La Commission savait que les Nemeth avaient été représentés jusqu'à quelques jours avant l'audience. Elle était, ou aurait dû être, consciente de la possibilité que les revendicateurs fussent mal préparés pour présenter eux-mêmes leur cas. Eu égard aux circonstances, la Commission avait l'obligation de s'assurer que les Nemeth comprenaient la procédure, qu'ils avaient une possibilité raisonnable de produire des preuves au soutien de leurs revendications et qu'ils avaient l'occasion de persuader la Commission que leurs revendications étaient fondées. [para.10]

(...) la liberté de la Commission de procéder à l'instruction malgré l'absence d'un avocat ne la dispense évidemment pas de l'obligation primordiale de garantir une audience équitable. Les obligations de la Commission dans les cas où des revendicateurs ne sont pas représentés sont peut-être en réalité plus élevées parce qu'elle ne peut compter sur un avocat pour protéger leurs intérêts [para. 13]

[19]            Dans cette affaire, la Cour a accueilli le contrôle judiciaire, parce que les revendicateurs n'étaient tout simplement pas en mesure de faire valoir leurs droits dans une procédure qui décidait de leur demande d'asile.

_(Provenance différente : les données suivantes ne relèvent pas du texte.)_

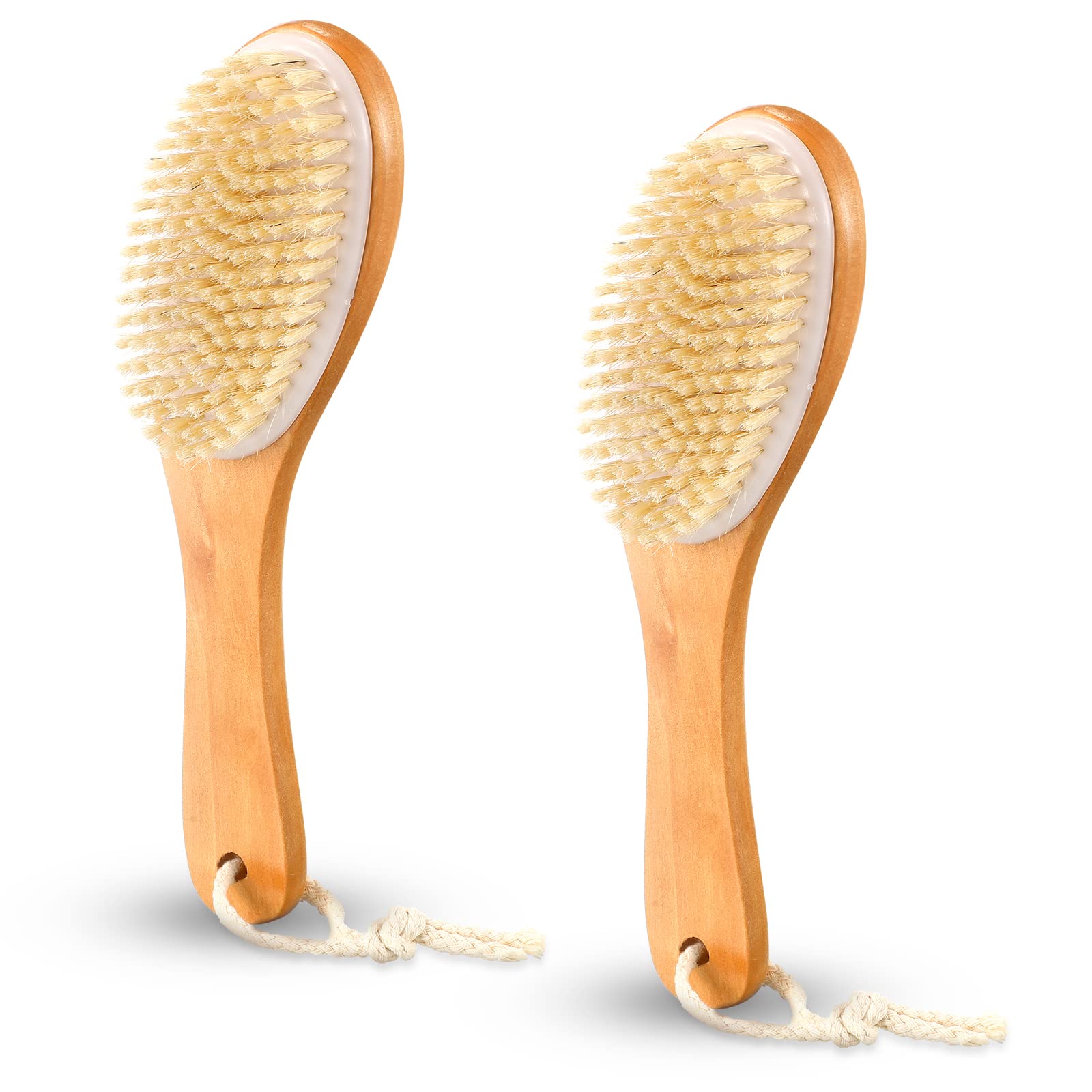 Gerrii Сухая чистка тела Натуральная щетина кабана 2 шт. с контурной деревянной ручкой для спины, ног, ступней, отшелушивающая и эксфолиативная щетка, щетина,

[20]            Le droit à l'avocat n'est pas absolu; ce qui l'est par contre, c'est le droit à une audience équitable. Le juge Le Dain parle dans les termes suivants de l'importance de l'audition équitable dans l'arrêt Cardinal c. Directeur de l'Établissement Kent, [1985] 2 R.C.S. 643 :

... la négation du droit à une audition équitable doit toujours rendre une décision invalide, que la cour qui exerce le contrôle considère ou non que l'audition aurait vraisemblablement amené une décision différente. Il faut considérer le droit à une audition équitable comme un droit distinct et absolu qui trouve sa justification essentielle dans le sens de la justice en matière de procédure à laquelle toute personne touchée par une décision administrative a droit. Il n'appartient pas aux tribunaux de refuser ce droit et ce sens de la justice en fonction d'hypothèses sur ce qu'aurait pu être le résultat de l'audition.[page 661 ]

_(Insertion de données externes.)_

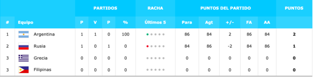 ARGENTINA 86-84 RUSIA GRECIA 85-69 FILIPINAS |
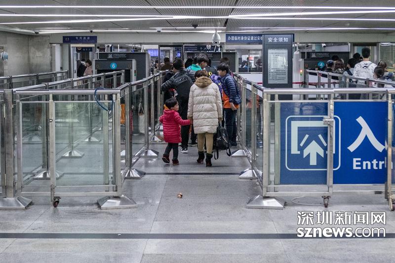 2月2日18:10深圳站广深列车进站处,旅客安检进站(实习生 关天宇摄)
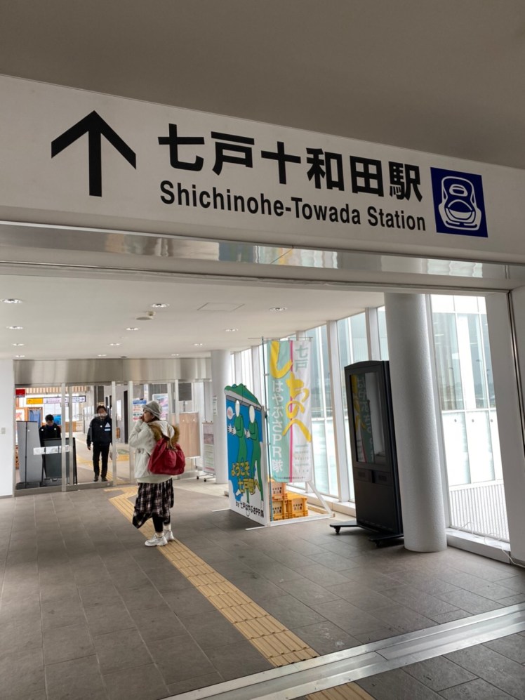 回程同去程,一樣搭十和田電鐵巴士返回七戶十和田駅,搭乘新幹線至八戶駅,預備搭乘13:30奧入瀬溪流飯店的接駁車。
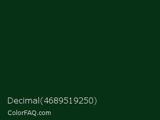 Decimal 4689519250 Color is a very dark green color and the nearest color is English Holly #022d15. Hex code #063114 and RGB value is rgb(6,49,20). In RGB color space, this color is composed of 2% red, 19% green, 8% blue, In CMYK color space, this color is composed of 88% cyan, 0% magenta, 59% yellow , 81% black , In HSL color space, this color has a hue angle of 140° , 78% saturation and 11% lightness.
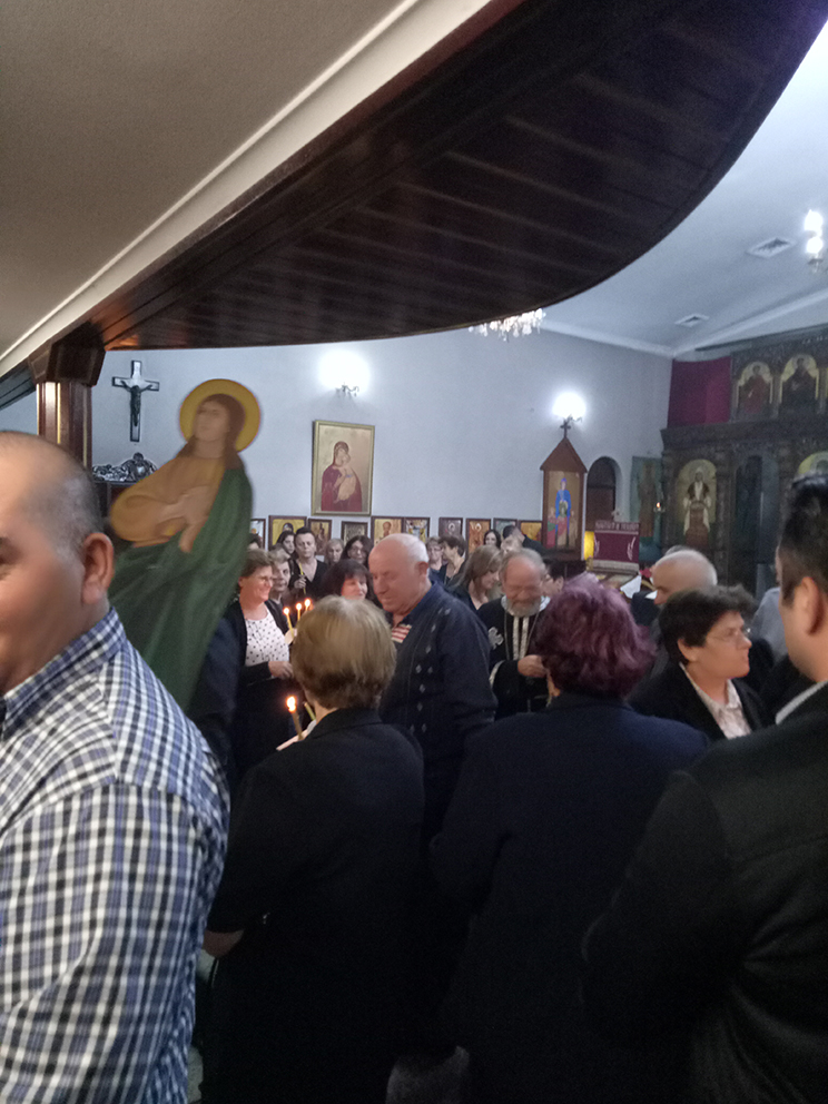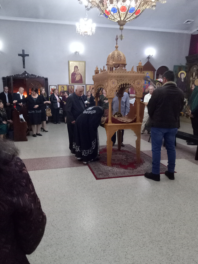 На 14. 04. 2017 година, во навечерието на светата и Велика Сабота од Страсната седмица, во црковната општина „Свети Никола“ во Кабрамата, старешината на храмот, протојереј – ставрофор Ѓорѓија Лапоски отслужи Утрена богослужба на која, пред гробот и Христовата плаштаница, беа испеани Статиите на Оплакувањето Христово.
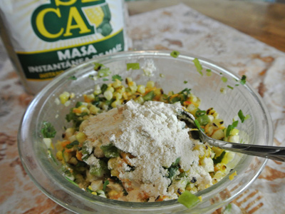 1/4 plus 2 tablespoons Masa Flour (the zucchini mix is more moist and may need additional flour to form patties)
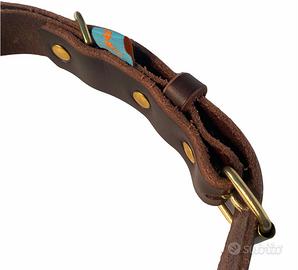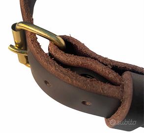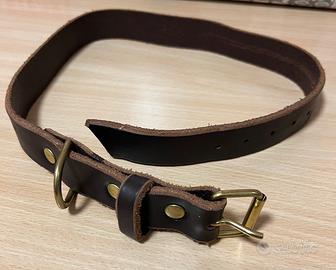 TAGLIA PELOSO: Medio – Medio Grande Materiale: Puro Cuoio – Made in Italy Manifattura e materiali: Made in Italy COLLARE: Fisso, NO Strozzo Colore: MOGANO CHIARO Dimensioni Collare: Diametro regolabile da 53cm a 70 cm – Larghezza 2,5 cm -spessore 1 cm Taglia Peloso – dai 25kg in su. Interamente fabbricato a mano in Italia Finiture in Ottone sabbiato Nuovo mai usato
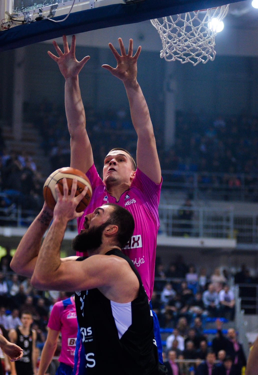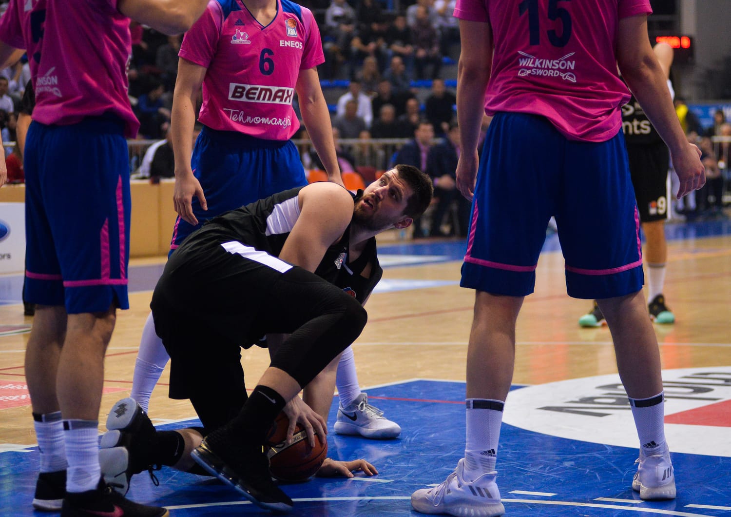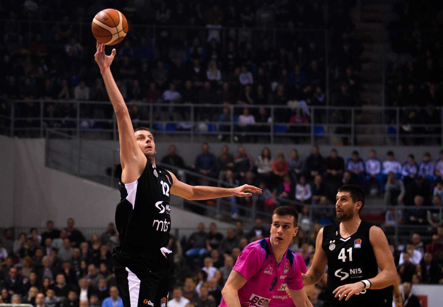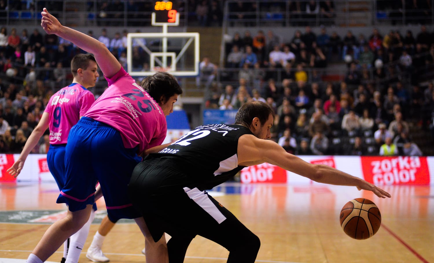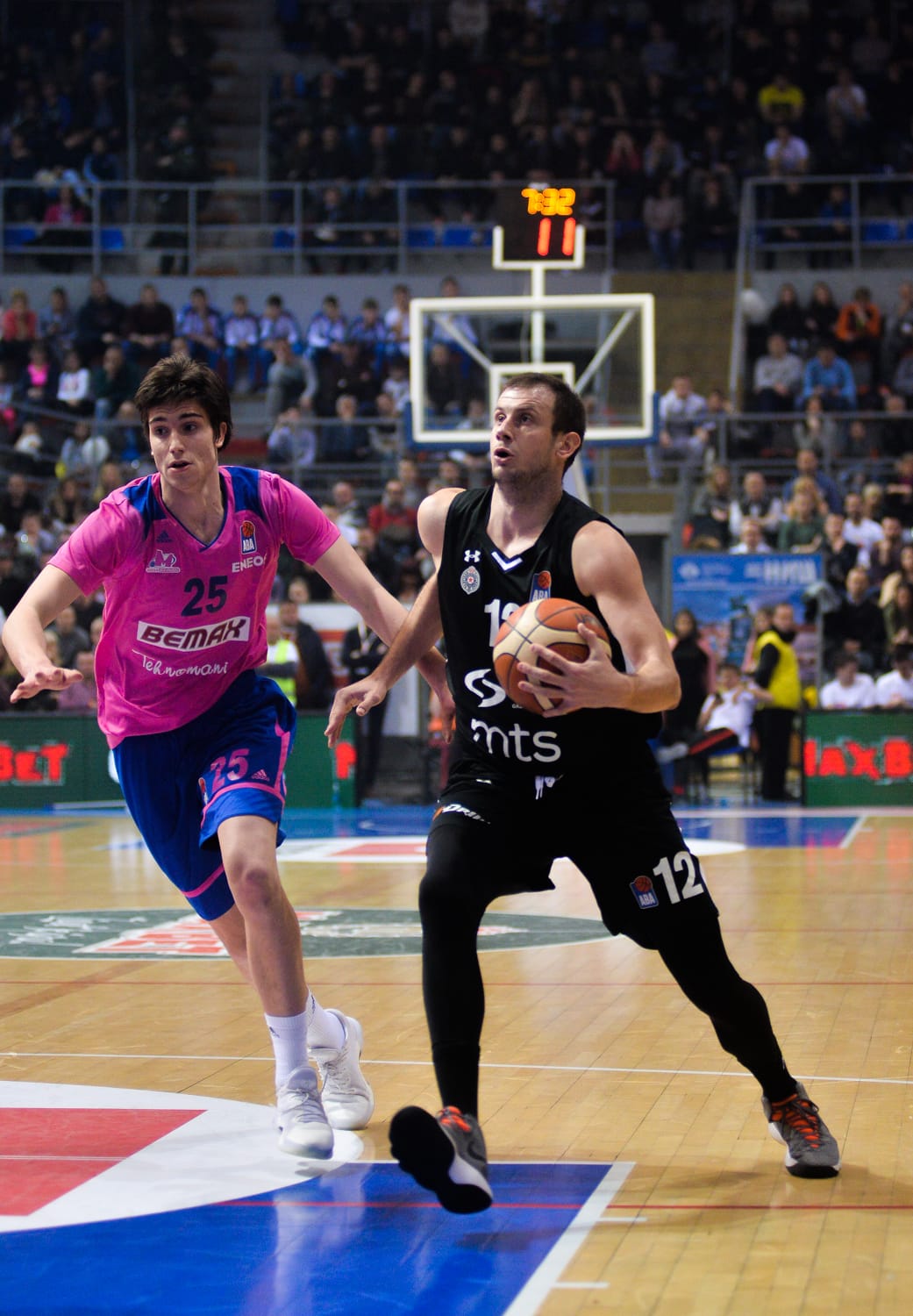 Uglavnom su tokom prvog poluvremena momci u roze-plavim dresovima jurili rezultat. Često su sustizali rivale, ali Partizan je uvek pronalazio načine da „pobegne“, a sredinom deonice, sa dva koša Vanje Marinkovića, i „odlepili“ su se na +7. Vratio je to Ognjen Jaramaz, ali nije sledeći nalet crno-belih, kada su dostigli i prvu dvocifrenu prednost.

[21]            La jurisprudence de notre Cour et de la Cour d'appel fédérale en matière d'immigration est à l'effet que lorsque l'absence de l'avocat a pour effet de priver le justiciable de son droit à une audience équitable, la décision rendue est invalide (voir Castroman c. Canada (Secrétaire d'État), [1994] A.C.F. no 962 (1ère inst.); Nemeth, supra; McCarthy c. M.E.I., [1979] 1 F.C. 121 (C.A.F.); Gargano c. Canada (Ministre de la Citoyenneté et de l'Immigration), [1994] A.C.F. no 1385 (1ère inst.); De Sousa v. Canada (Minister of Employment and Immigration), [1988] F.C.J. No. 569 (F.C.A.)).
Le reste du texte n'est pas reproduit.